Ib Jørgen Melchior (September 17, 1917 – March 14, 2015) was a Danish-American novelist, short-story writer, film producer, film director, and screenwriter of low-budget American science fiction movies, most of them released by American International Pictures.

Personal life
Melchior was born and raised in Copenhagen, Denmark, the  son of Lauritz Melchior, an opera singer. He served in the Counterintelligence Corps (U.S. Army) during World War II, getting his training at Camp Ritchie in Maryland which classifies him as one of the Ritchie Boys. He also participated in the liberation of Flossenbürg concentration camp as well as the discovery of stolen currency, gold and art at Merkers-Kieselbach Cavern, and the capture of a Werwolf unit in 1945, for which he was awarded the Bronze Star. He was also involved in a long legal battle involving his father's estate, Chossewitz in Brandenburg, Germany, which was confiscated by the communist government of East Germany and never returned.

In 1965, a decorated war hero, he was dubbed Knight Commander of the Militant Order of Saint Bridget of Sweden.

In 1976, the Academy of Science Fiction, Fantasy and Horror Films awarded Ib Melchior its Golden Scroll Award of Merit for Outstanding Achievement.

Biographies include Ib Melchior: Man of Imagination by Robert Skotak, as well as Melchior's own autobiography Case by Case: A U.S. Army Counterintelligence Agent in World War II.

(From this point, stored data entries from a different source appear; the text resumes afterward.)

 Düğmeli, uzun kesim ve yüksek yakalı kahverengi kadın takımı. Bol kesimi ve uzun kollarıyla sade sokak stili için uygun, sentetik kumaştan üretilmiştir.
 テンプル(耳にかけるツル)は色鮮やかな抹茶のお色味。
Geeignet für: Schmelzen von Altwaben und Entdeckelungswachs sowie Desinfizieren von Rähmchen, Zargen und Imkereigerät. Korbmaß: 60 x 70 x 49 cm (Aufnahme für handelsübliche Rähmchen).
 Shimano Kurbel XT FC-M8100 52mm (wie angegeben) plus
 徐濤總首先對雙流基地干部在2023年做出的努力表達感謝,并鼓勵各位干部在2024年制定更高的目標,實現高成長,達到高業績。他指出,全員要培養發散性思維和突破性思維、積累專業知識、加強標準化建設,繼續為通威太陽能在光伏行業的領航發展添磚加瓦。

Melchior died on March 14, 2015, at the age of 97, five months after the death of his wife of over 50 years, architect Cleo Baldon.

Fiction and non-fiction

Melchior's novels include Code Name: Grand Guignol, Eva, The Haigerloch Project, The Marcus Device, Order of Battle: Hitler's Werewolves, Sleeper Agent, The Tombstone Cipher and The Watchdogs of Abaddon.

His non-fiction includes the books Quest: Searching for Germany's Nazi Past (with co-author Frank Brandenburg) and Lauritz Melchior: The Golden Years of Bayreuth, the latter a biography of his father, the opera singer and movie star Lauritz Melchior. In 1993 Melchior published an account of his career as a staff sergeant with the US Counterintelligence Corps (U.S. Army) during World War II, Case by Case: A U.S. Army Counterintelligence Agent in World War II. With his wife, Cleo Baldon, Melchior wrote the non-fiction books Reflections on the Pool: California Designs for Swimming and Steps & Stairways, both influenced by Baldon's work as an architect.

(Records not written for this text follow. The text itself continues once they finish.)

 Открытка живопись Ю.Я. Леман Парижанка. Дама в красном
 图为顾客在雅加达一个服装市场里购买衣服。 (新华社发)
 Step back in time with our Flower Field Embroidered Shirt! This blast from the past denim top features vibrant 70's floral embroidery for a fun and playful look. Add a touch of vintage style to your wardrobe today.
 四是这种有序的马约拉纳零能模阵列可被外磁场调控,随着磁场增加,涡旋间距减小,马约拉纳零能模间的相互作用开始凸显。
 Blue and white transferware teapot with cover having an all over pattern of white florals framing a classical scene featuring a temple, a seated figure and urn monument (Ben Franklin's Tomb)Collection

Melchior also wrote Hour of Vengeance, a play based on the Viking story of Amled that also inspired William Shakespeare's play Hamlet. In 1982, it was awarded the Hamlet Award for best playwriting by the Shakespeare Society of America.

Films and television

As a filmmaker, Melchior wrote and directed The Angry Red Planet (1959) and The Time Travelers (1964).  His most high-profile credit was as co-screenwriter (along with John C. Higgins) of Byron Haskin's critically acclaimed Robinson Crusoe on Mars (1964).  He cowrote the screenplays for two U.S.–Danish coproductions, Reptilicus (1961) and Journey to the Seventh Planet (1962), and provided the English language script for Mario Bava's Planet of the Vampires (1965).

For television, he wrote the episode "The Premonition" for the second season of the original The Outer Limits series. The episode was broadcast in 1965.

Melchior's 1956 short story "The Racer" was adapted as Paul Bartel's cult film favorite, Death Race 2000 (1975), starring David Carradine and Sylvester Stallone and produced by Roger Corman. It was later remade as Death Race (2008), starring Jason Statham and Joan Allen, directed by Paul W. S. Anderson and produced by Tom Cruise.

He wrote the screenplay for the Pacific War action film Ambush Bay (1966) as well as writing and directing an anti-marijuana short subject Keep Off the Grass (1970).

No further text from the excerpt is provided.